You need some baseline skills and knowledge beyond what is normally part of a math PhD program. You might enjoy the book Data Science for Mathematicians (full disclosure: I wrote a chapter of the book, but get no money from sales). The skills you need for success in data science are:
- Computational/algorithmic thinking, i.e., how to come up with an algorithm to solve a problem, and then implement that algorithm in code. I'd focus on Python first as it's easier to learn than C++ and sufficient for many data science jobs.
- Statistical thinking, like the content of a good stats course at the undergrad level, plus how to fit and assess models in R. Even better if you can read a book about Bayesian stats, time series analysis, and statistical learning (aka machine learning aka data mining).
- Clustering
- Operations Research
- Linear algebra, machine learning (like PCA, SVD, separating hyperplanes), dimensionality reduction
Once you've got the basics, you might consider a data science bootcamp to really put theory into practice.
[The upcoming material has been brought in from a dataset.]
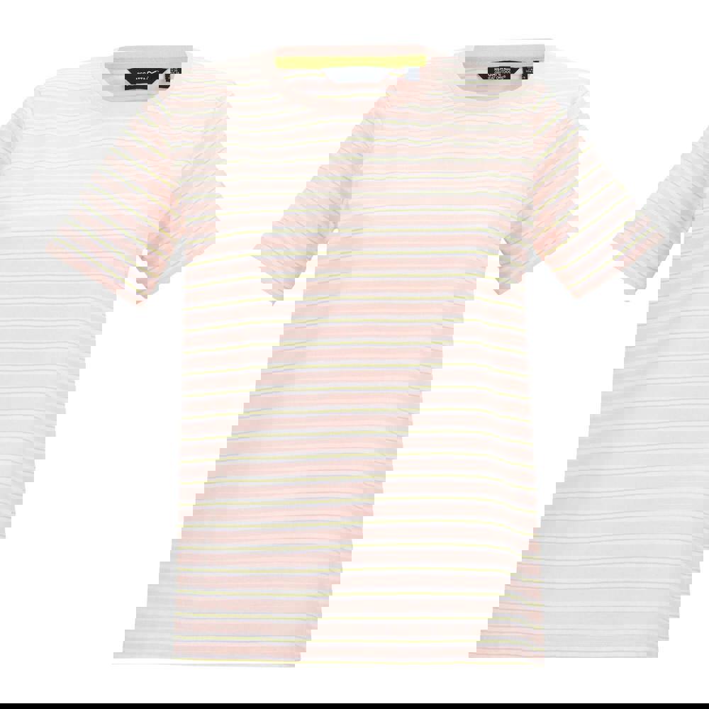 Regatta Bayletta is a striped women’s T-shirt in Pink Haze, made from a jersey blend with a soft-touch handle. The lightweight 155gsm construction keeps the finish simple and easy to wear, while the short sleeves suit everyday outfits.

It might also be wise to carry out these algorithms on various interesting real-world data sets, and build up a portfolio of work that you could show prospective employers via a link to your GitHub.
Depending on what, specifically, you find most appealing about data science, it could also be good to learn about the following topics (covered in the book Data Systems, of which I am an author, among many other places):
- Tidy data, and the pandas package in Python
- Relational data, like SQL
- Hierarchical data, like html files
- Web scraping, APIs, and security/permissions issues
Don't expect to learn everything before you even start working as a data scientist. Part of how you can market yourself is as someone who can pick up new skills on the fly, and implement them at a high level. Expect to be learning for many years to come (hopefully that appeals to you). Another good way to market yourself is as someone who understands linear algebra at a very deep level. Most of machine learning and data science hinge on linear algebra, and folks working in those areas know the value of a mathematician who can think about linear algebra from a variety of viewpoints, and can use linear algebra techniques (which can be implemented as fast algorithms) to solve a variety of hard problems. Mathematical/analytical thinking can also be useful on the software engineering side (e.g., producing good test cases, producing code that is guaranteed to work) and on the stats side (thinking deeply about issues of bias and how that affects the analysis, understanding statistical techniques/tests/models deeply enough to be able to modify them when one of the assumptions is not met).
Lots of people have successfully made this transition, and if you get on LinkedIn you can find them and learn from their experiences. Believe in yourself, work hard, and think of (and market) yourself as a success instead of as a failure, and you can have confidence that you will succeed and get a great job. Good luck!